Data segment =
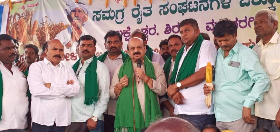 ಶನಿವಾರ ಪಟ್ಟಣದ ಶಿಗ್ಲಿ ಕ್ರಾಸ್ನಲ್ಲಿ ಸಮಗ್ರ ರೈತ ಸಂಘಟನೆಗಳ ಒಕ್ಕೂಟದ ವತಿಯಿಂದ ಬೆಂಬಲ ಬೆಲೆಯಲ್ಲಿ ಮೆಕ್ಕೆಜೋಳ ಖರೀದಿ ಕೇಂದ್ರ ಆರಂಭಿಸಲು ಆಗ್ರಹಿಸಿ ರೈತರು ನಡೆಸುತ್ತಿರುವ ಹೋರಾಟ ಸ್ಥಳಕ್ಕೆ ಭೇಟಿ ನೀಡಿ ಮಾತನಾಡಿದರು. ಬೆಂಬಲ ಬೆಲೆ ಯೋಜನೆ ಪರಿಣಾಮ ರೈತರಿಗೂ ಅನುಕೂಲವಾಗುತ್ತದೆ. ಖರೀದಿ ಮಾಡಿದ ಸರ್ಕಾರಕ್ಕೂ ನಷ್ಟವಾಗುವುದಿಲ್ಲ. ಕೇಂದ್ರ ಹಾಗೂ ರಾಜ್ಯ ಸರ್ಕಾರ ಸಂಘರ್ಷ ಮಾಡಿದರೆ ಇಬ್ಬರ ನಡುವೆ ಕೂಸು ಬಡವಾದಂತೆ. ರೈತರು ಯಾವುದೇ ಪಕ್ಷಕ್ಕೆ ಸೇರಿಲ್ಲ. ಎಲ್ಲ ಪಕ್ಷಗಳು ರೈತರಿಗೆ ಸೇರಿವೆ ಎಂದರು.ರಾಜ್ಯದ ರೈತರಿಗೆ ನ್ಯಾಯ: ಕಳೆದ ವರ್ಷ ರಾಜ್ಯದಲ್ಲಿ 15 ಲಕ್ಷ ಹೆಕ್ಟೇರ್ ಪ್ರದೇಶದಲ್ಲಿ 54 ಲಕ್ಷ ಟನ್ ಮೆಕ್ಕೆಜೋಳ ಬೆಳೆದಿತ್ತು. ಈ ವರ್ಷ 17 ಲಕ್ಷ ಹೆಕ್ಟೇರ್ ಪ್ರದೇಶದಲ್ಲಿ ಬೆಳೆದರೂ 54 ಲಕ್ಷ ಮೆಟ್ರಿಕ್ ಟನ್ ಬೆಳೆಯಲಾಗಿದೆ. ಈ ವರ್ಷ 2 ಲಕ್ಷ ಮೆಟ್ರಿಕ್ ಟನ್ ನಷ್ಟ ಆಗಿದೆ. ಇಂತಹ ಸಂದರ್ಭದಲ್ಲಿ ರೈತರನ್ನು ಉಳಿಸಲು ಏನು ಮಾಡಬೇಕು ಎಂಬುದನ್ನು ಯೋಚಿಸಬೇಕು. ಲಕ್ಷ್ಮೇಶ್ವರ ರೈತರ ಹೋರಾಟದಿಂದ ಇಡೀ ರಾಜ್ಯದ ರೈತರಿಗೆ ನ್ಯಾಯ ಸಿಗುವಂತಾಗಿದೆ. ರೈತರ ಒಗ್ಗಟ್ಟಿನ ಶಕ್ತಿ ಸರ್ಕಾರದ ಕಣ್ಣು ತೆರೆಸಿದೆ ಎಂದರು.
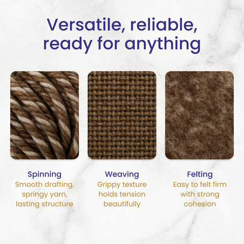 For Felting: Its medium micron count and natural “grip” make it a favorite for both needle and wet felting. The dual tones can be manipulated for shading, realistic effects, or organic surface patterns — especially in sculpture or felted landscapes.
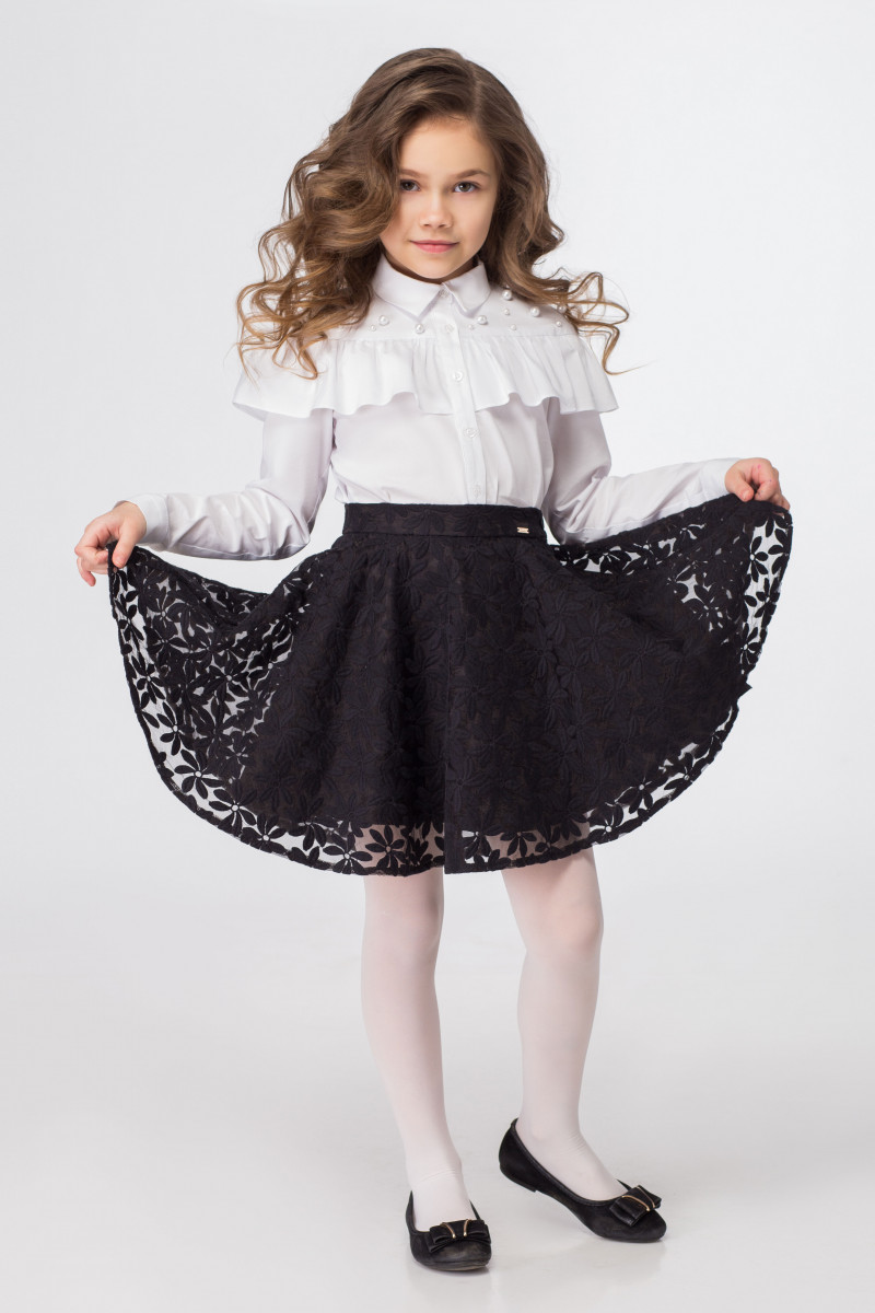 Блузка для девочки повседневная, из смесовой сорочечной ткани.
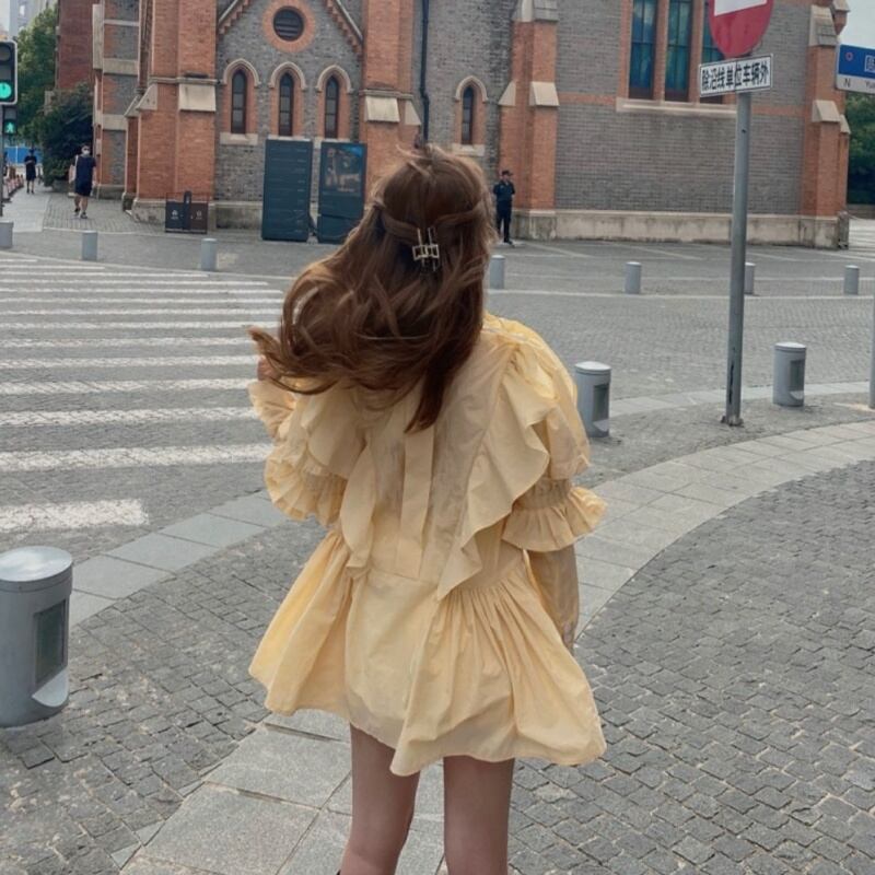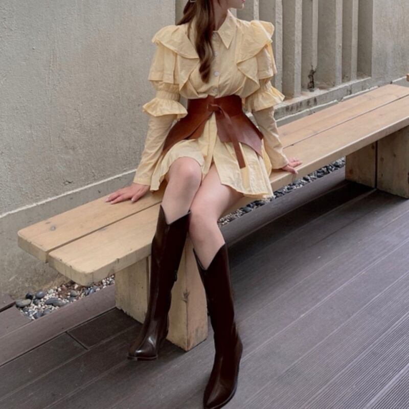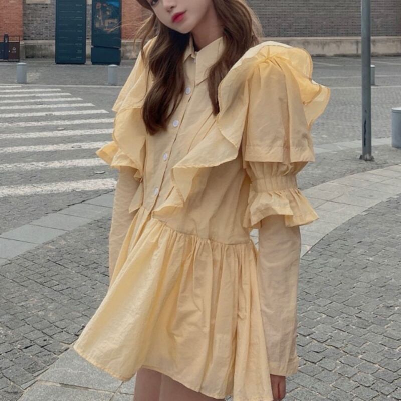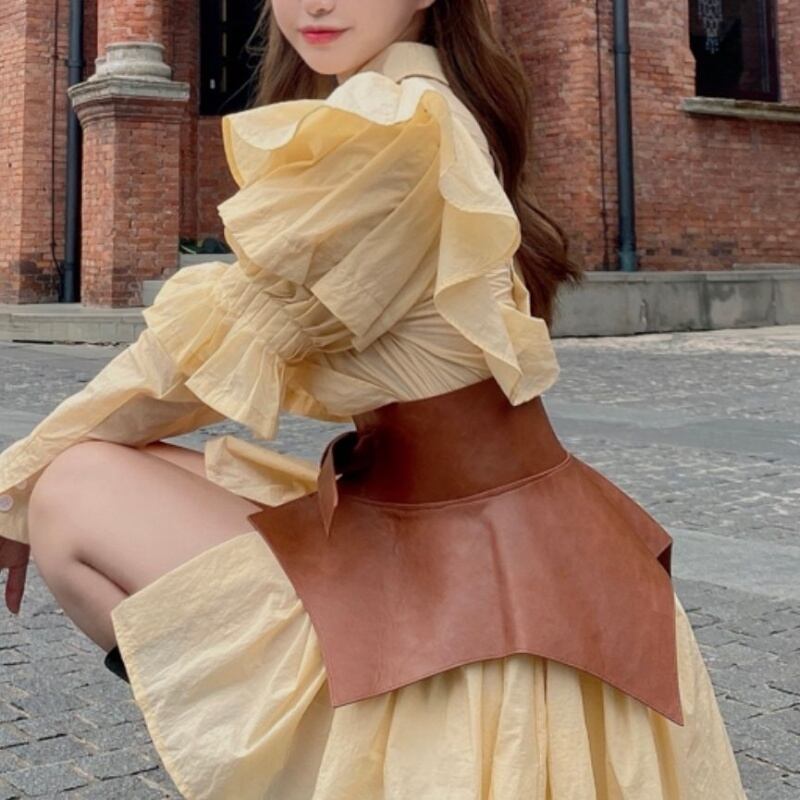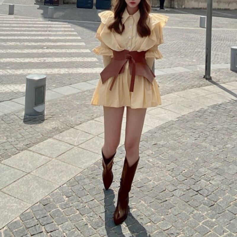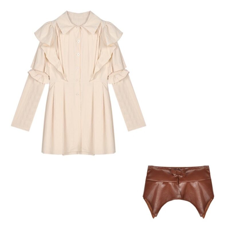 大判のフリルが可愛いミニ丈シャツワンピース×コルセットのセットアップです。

Task requirements =
Give back the material word for word and drop the pictures it holds.

Solution to this problem =
 ಶನಿವಾರ ಪಟ್ಟಣದ ಶಿಗ್ಲಿ ಕ್ರಾಸ್ನಲ್ಲಿ ಸಮಗ್ರ ರೈತ ಸಂಘಟನೆಗಳ ಒಕ್ಕೂಟದ ವತಿಯಿಂದ ಬೆಂಬಲ ಬೆಲೆಯಲ್ಲಿ ಮೆಕ್ಕೆಜೋಳ ಖರೀದಿ ಕೇಂದ್ರ ಆರಂಭಿಸಲು ಆಗ್ರಹಿಸಿ ರೈತರು ನಡೆಸುತ್ತಿರುವ ಹೋರಾಟ ಸ್ಥಳಕ್ಕೆ ಭೇಟಿ ನೀಡಿ ಮಾತನಾಡಿದರು. ಬೆಂಬಲ ಬೆಲೆ ಯೋಜನೆ ಪರಿಣಾಮ ರೈತರಿಗೂ ಅನುಕೂಲವಾಗುತ್ತದೆ. ಖರೀದಿ ಮಾಡಿದ ಸರ್ಕಾರಕ್ಕೂ ನಷ್ಟವಾಗುವುದಿಲ್ಲ. ಕೇಂದ್ರ ಹಾಗೂ ರಾಜ್ಯ ಸರ್ಕಾರ ಸಂಘರ್ಷ ಮಾಡಿದರೆ ಇಬ್ಬರ ನಡುವೆ ಕೂಸು ಬಡವಾದಂತೆ. ರೈತರು ಯಾವುದೇ ಪಕ್ಷಕ್ಕೆ ಸೇರಿಲ್ಲ. ಎಲ್ಲ ಪಕ್ಷಗಳು ರೈತರಿಗೆ ಸೇರಿವೆ ಎಂದರು.ರಾಜ್ಯದ ರೈತರಿಗೆ ನ್ಯಾಯ: ಕಳೆದ ವರ್ಷ ರಾಜ್ಯದಲ್ಲಿ 15 ಲಕ್ಷ ಹೆಕ್ಟೇರ್ ಪ್ರದೇಶದಲ್ಲಿ 54 ಲಕ್ಷ ಟನ್ ಮೆಕ್ಕೆಜೋಳ ಬೆಳೆದಿತ್ತು. ಈ ವರ್ಷ 17 ಲಕ್ಷ ಹೆಕ್ಟೇರ್ ಪ್ರದೇಶದಲ್ಲಿ ಬೆಳೆದರೂ 54 ಲಕ್ಷ ಮೆಟ್ರಿಕ್ ಟನ್ ಬೆಳೆಯಲಾಗಿದೆ. ಈ ವರ್ಷ 2 ಲಕ್ಷ ಮೆಟ್ರಿಕ್ ಟನ್ ನಷ್ಟ ಆಗಿದೆ. ಇಂತಹ ಸಂದರ್ಭದಲ್ಲಿ ರೈತರನ್ನು ಉಳಿಸಲು ಏನು ಮಾಡಬೇಕು ಎಂಬುದನ್ನು ಯೋಚಿಸಬೇಕು. ಲಕ್ಷ್ಮೇಶ್ವರ ರೈತರ ಹೋರಾಟದಿಂದ ಇಡೀ ರಾಜ್ಯದ ರೈತರಿಗೆ ನ್ಯಾಯ ಸಿಗುವಂತಾಗಿದೆ. ರೈತರ ಒಗ್ಗಟ್ಟಿನ ಶಕ್ತಿ ಸರ್ಕಾರದ ಕಣ್ಣು ತೆರೆಸಿದೆ ಎಂದರು.
 For Felting: Its medium micron count and natural “grip” make it a favorite for both needle and wet felting. The dual tones can be manipulated for shading, realistic effects, or organic surface patterns — especially in sculpture or felted landscapes.
 Блузка для девочки повседневная, из смесовой сорочечной ткани.
 大判のフリルが可愛いミニ丈シャツワンピース×コルセットのセットアップです。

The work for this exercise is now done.